- _Your objective_: Output all of the lines below exactly, and leave out each image.

- _Data provided_:
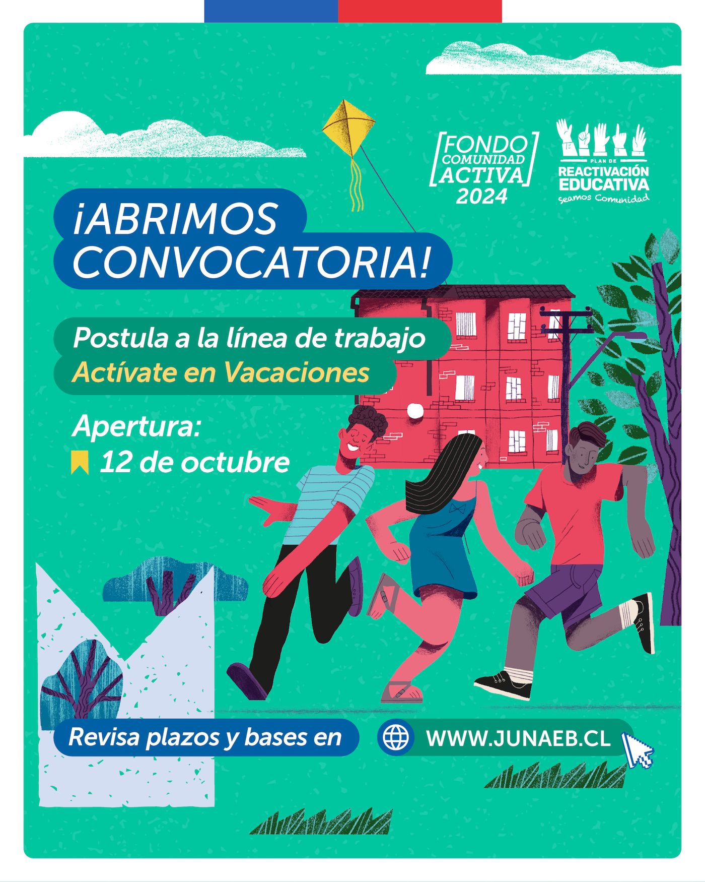 La Junta Nacional de Auxilio Escolar y Becas (JUNAEB) anunció que se encuentra abierta la convocatoria al fondo “Actívate en Vacaciones”, que busca financiar proyectos que estén orientados a desarrollar intervenciones psicosociales a estudiantes de primer y segundo ciclo básico de establecimiento públicos, municipales y particulares subvencionados.
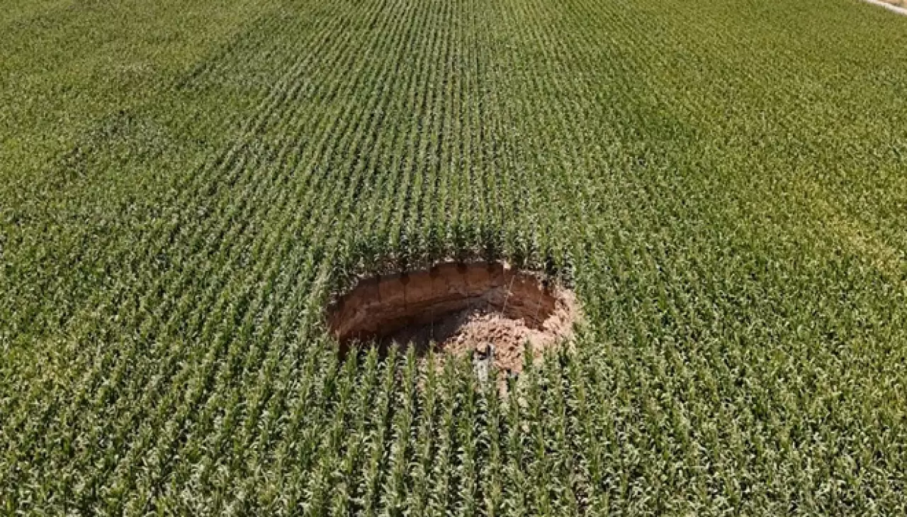 Karaman’ın merkeze bağlı Sudurağı beldesinde, mısır tarlasında 15 metre çapında ve 5 metre derinliğinde obruk meydana geldi.
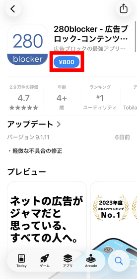 280blockerは800円の買い切りアプリで、追加で課金せずとも高頻度で広告ブロックルールが更新されるため、ウェブサイト側の変更に細かく適応できます。iPhoneに280blockerをインストールするには、まずApp Storeで280blockerのページを開いて「¥800」をタップして購入します。
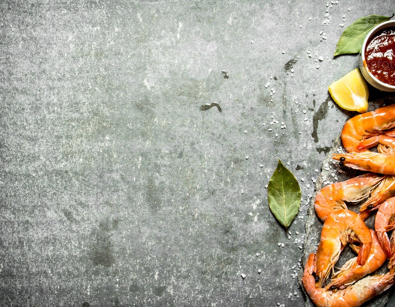 Креветки с соусом, лимоном и солью
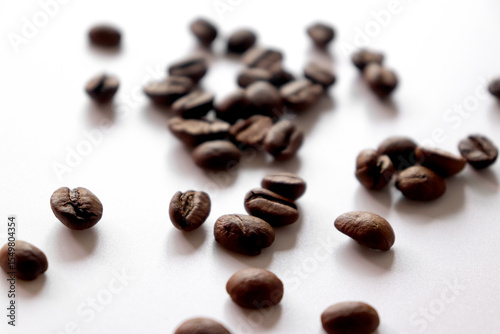 © chloe1128, Naklejka premium Roasted coffee beans are scattered on the table. White background.
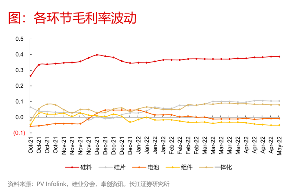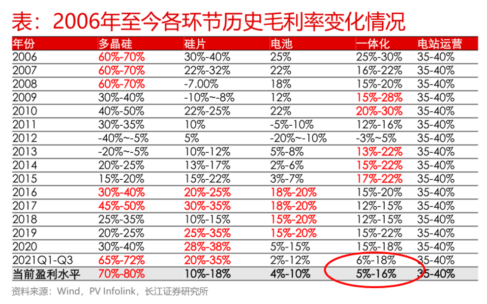 这种状况从长江证券整理的光伏各环节毛利率看得更加清晰。
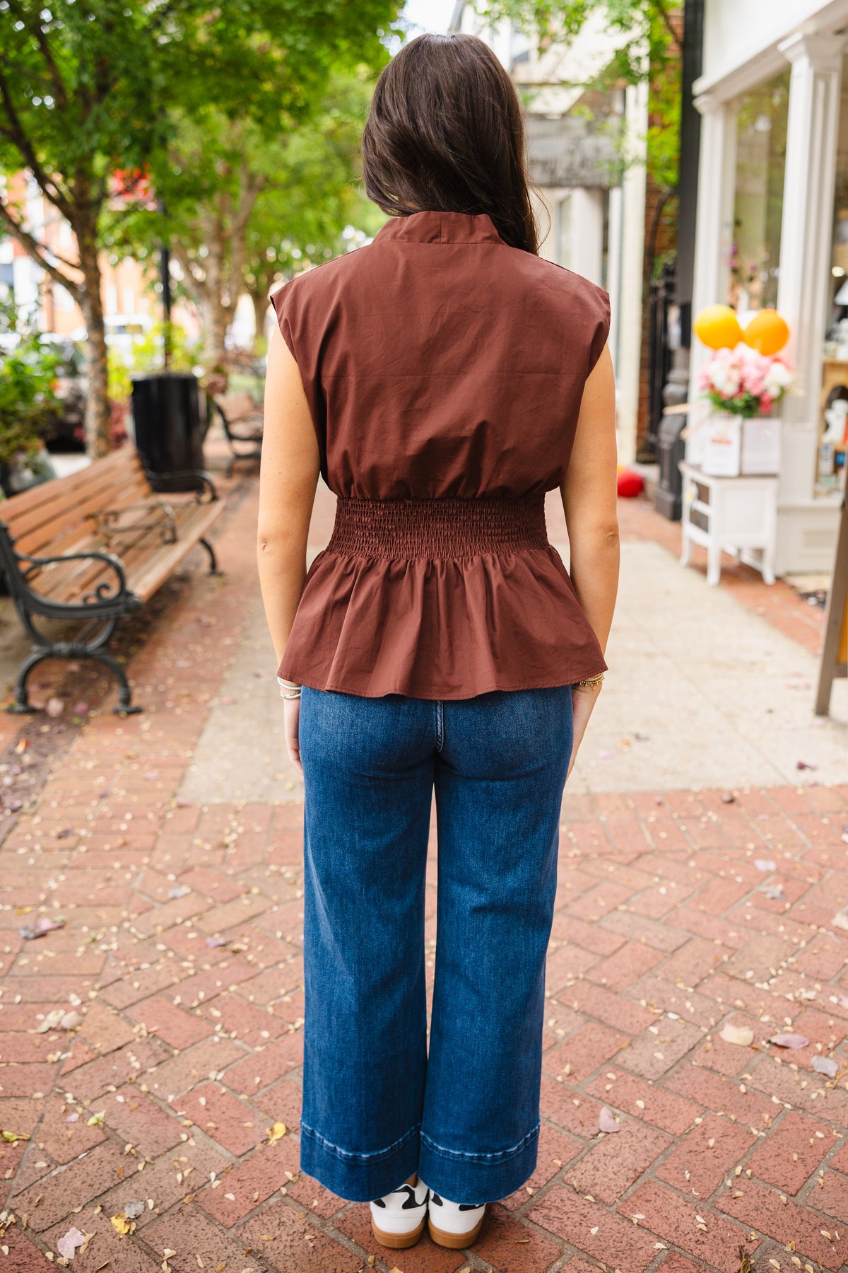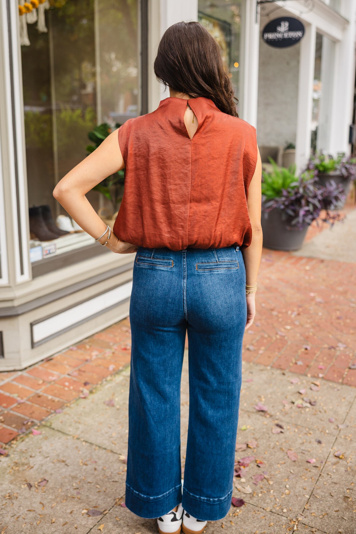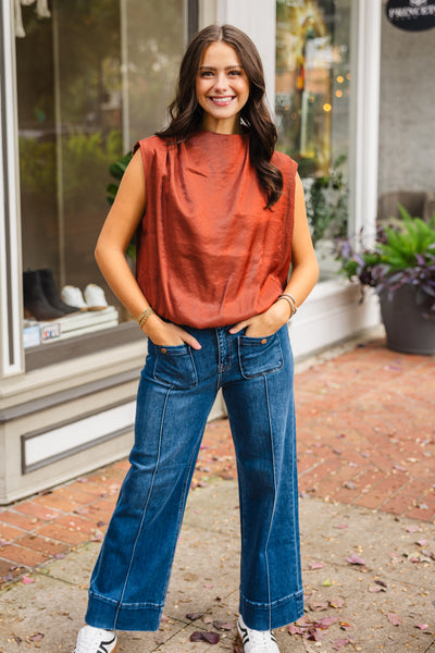 Rust mock neck sleeveless dress with pleat detail on the shoulders and a self tie belt, back button close
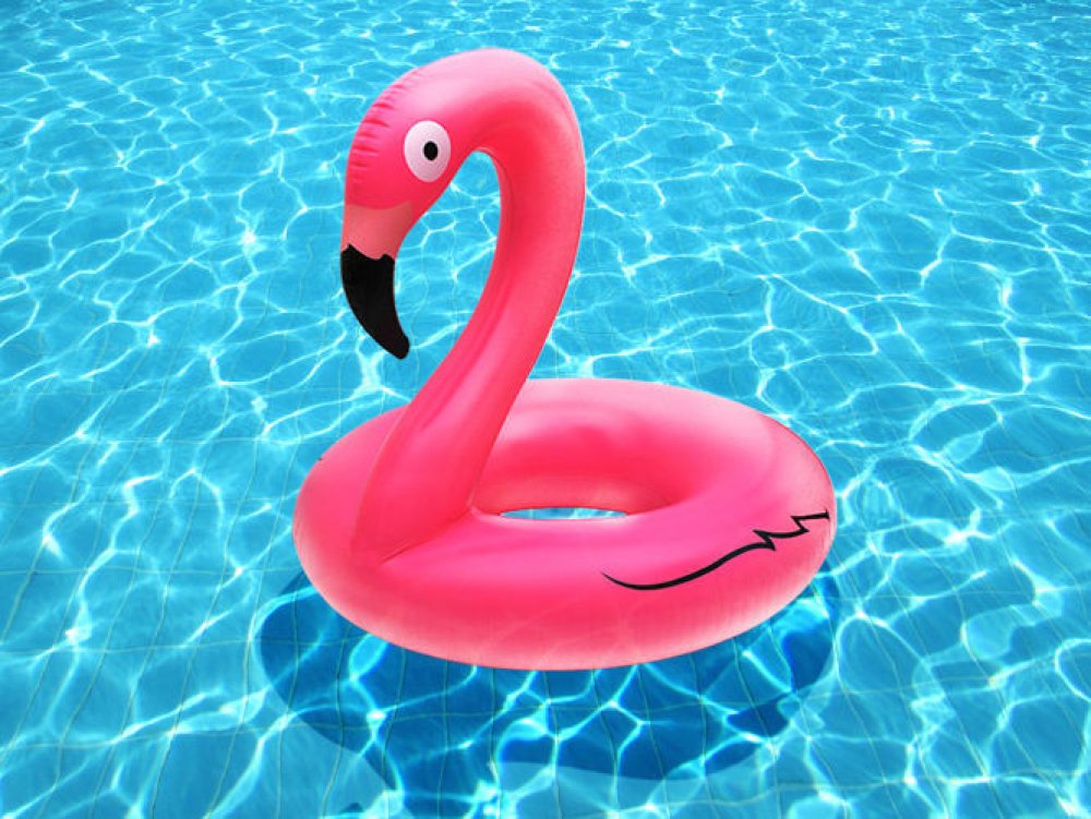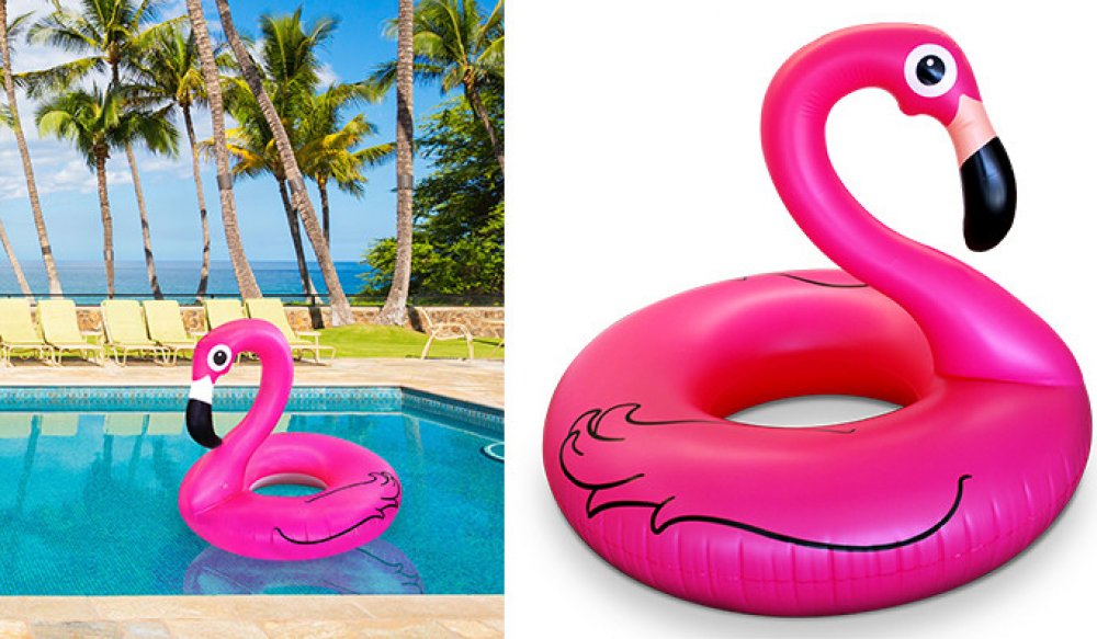 Barevné nafukovací kolo ve tvaru plameňáka plameňák, vyrobený z vysoce kvalitního plastu PVC pro dlouhou životnost.
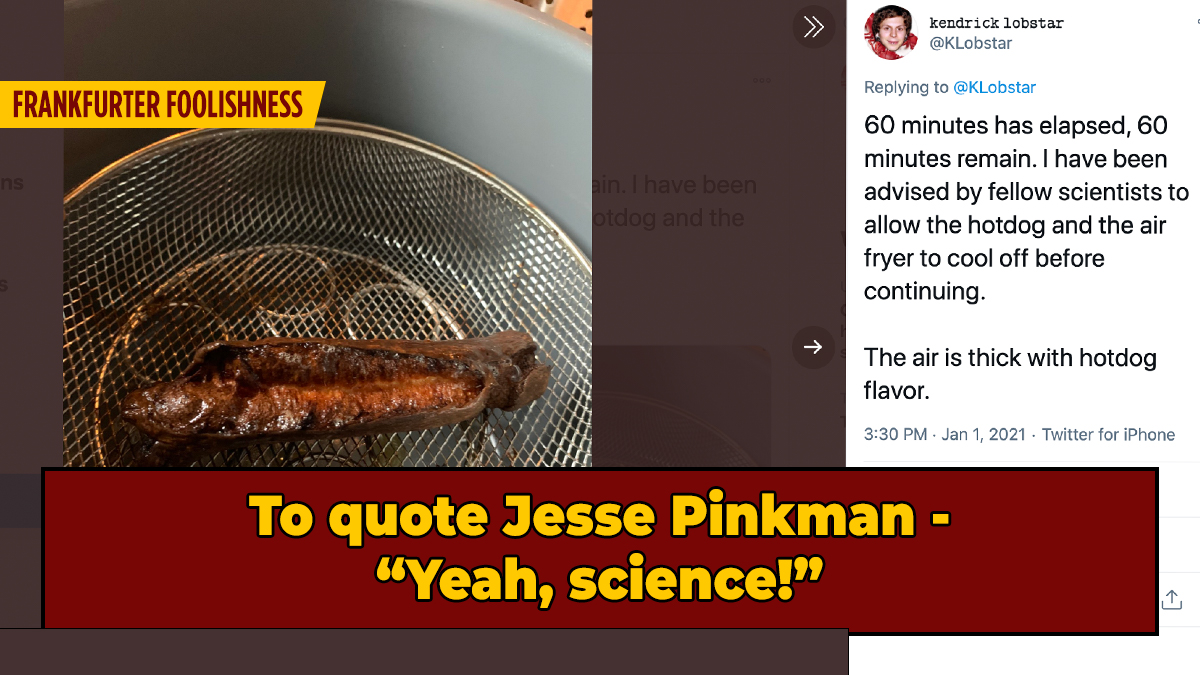 While the majority of us nursed the hangover from a Zoom New Years Eve's party (or, well, from polishing off a bottle of two-buck chuck while watching Mr.305 perform to a mostly empty Times Square and a handful of heroic first responders #dale), Twitter user @KLobstar embarked on a mission to air fry a single hot dog for two hours, for no reason other than just to "see what happens."

- _Answer to this task_:
 La Junta Nacional de Auxilio Escolar y Becas (JUNAEB) anunció que se encuentra abierta la convocatoria al fondo “Actívate en Vacaciones”, que busca financiar proyectos que estén orientados a desarrollar intervenciones psicosociales a estudiantes de primer y segundo ciclo básico de establecimiento públicos, municipales y particulares subvencionados.
 Karaman’ın merkeze bağlı Sudurağı beldesinde, mısır tarlasında 15 metre çapında ve 5 metre derinliğinde obruk meydana geldi.
 280blockerは800円の買い切りアプリで、追加で課金せずとも高頻度で広告ブロックルールが更新されるため、ウェブサイト側の変更に細かく適応できます。iPhoneに280blockerをインストールするには、まずApp Storeで280blockerのページを開いて「¥800」をタップして購入します。
 Креветки с соусом, лимоном и солью
 © chloe1128, Naklejka premium Roasted coffee beans are scattered on the table. White background.
 这种状况从长江证券整理的光伏各环节毛利率看得更加清晰。
 Rust mock neck sleeveless dress with pleat detail on the shoulders and a self tie belt, back button close
 Barevné nafukovací kolo ve tvaru plameňáka plameňák, vyrobený z vysoce kvalitního plastu PVC pro dlouhou životnost.
 While the majority of us nursed the hangover from a Zoom New Years Eve's party (or, well, from polishing off a bottle of two-buck chuck while watching Mr.305 perform to a mostly empty Times Square and a handful of heroic first responders #dale), Twitter user @KLobstar embarked on a mission to air fry a single hot dog for two hours, for no reason other than just to "see what happens."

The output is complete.